Opponents say such settlements are rampant in the drug industry, costing consumers $3.5 billion a year, according to the Federal Trade Commission, which has led the criticism. Consumer advocates and 32 states joined the pharmacies and a drug wholesaler in urging Supreme Court review.
“This case involves one of the most controversial business practices in the United States in one of the most important segments of the economy,” the chains argued in their appeal. The group includes two of the three largest U.S. drugstore companies, CVS Caremark Corp. (CVS) and Rite-Aid Corp. (RAD)
The case is Louisiana Wholesale Drug v. Bayer, 10-762, U.S. Supreme Court (Washington).
Apollo Group Rejected by U.S. High Court on $300 Million Award
The U.S. Supreme Court refused to question a jury verdict that may force Apollo Group Inc. (APOL), the owner of the University of Phoenix, to pay more than $300 million for deceiving shareholders.

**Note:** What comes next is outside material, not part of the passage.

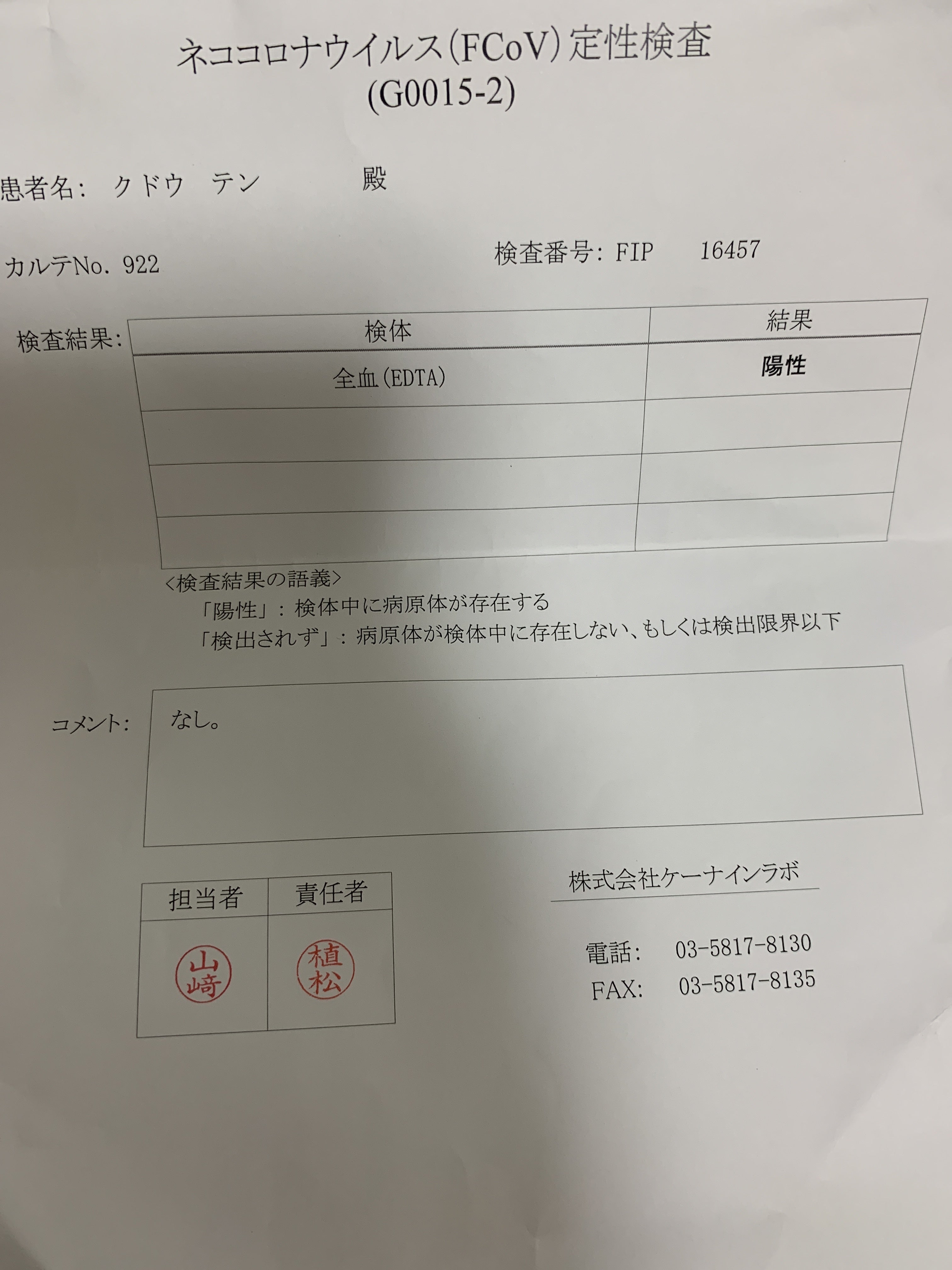 7月28日病院から電話がきてFIP陽性の結果を聞きました。

The justices yesterday rejected an appeal from Apollo, accused of withholding an Education Department report that said the company was illegally paying recruiters on the basis of enrollment numbers. Apollo, the largest U.S. for-profit college operator, said the suing shareholders didn’t show that the eventual release of the report’s details caused the company’s prices to fall.
Exactly how much Apollo must pay will depend on how many shareholders file claims. An expert witness for the suing shareholders testified at trial that the verdict might affect as many as 50 million shares, meaning Apollo would owe $277.5 million, plus interest.
Phoenix-based Apollo has set aside $177 million to cover damages and other litigation costs. The company said in a regulatory filing in January that it estimates damages will be between $127 million to $228 million.
In a court filing in August, the company said the jury verdict “could result in a total payment of an amount between $200 and $300 million.” That range represents a “worst-case scenario,” said Manny Rivera, a company spokesman.
The dispute stems from an Education Department report delivered to the company privately in February 2004. The report said the company needed to make “substantial and comprehensive changes to the salary compensation system for its recruiters and their direct supervisors.”
Apollo agreed to revamp its compensation system and on Sept. 7, 2004, the company announced it was paying $9.8 million to resolve the Education Department’s investigation. The company revealed the existence of the report, without providing details.
The following day, the company’s shares fell from $82.72 to $82.07, a drop the suing shareholders said would have been greater had the company been upfront about the report. By Sept. 21, after a series of newspaper articles provided more details and a securities analyst had downgraded the stock, shares had fallen to $72.00.
Apollo officials said during the case that they didn’t disclose the report because their lawyers told them it was preliminary and flawed.
The case is Apollo Group v. Policeman’s Annuity and Benefit Fund of Chicago, 10-649, U.S. Supreme Court (Washington).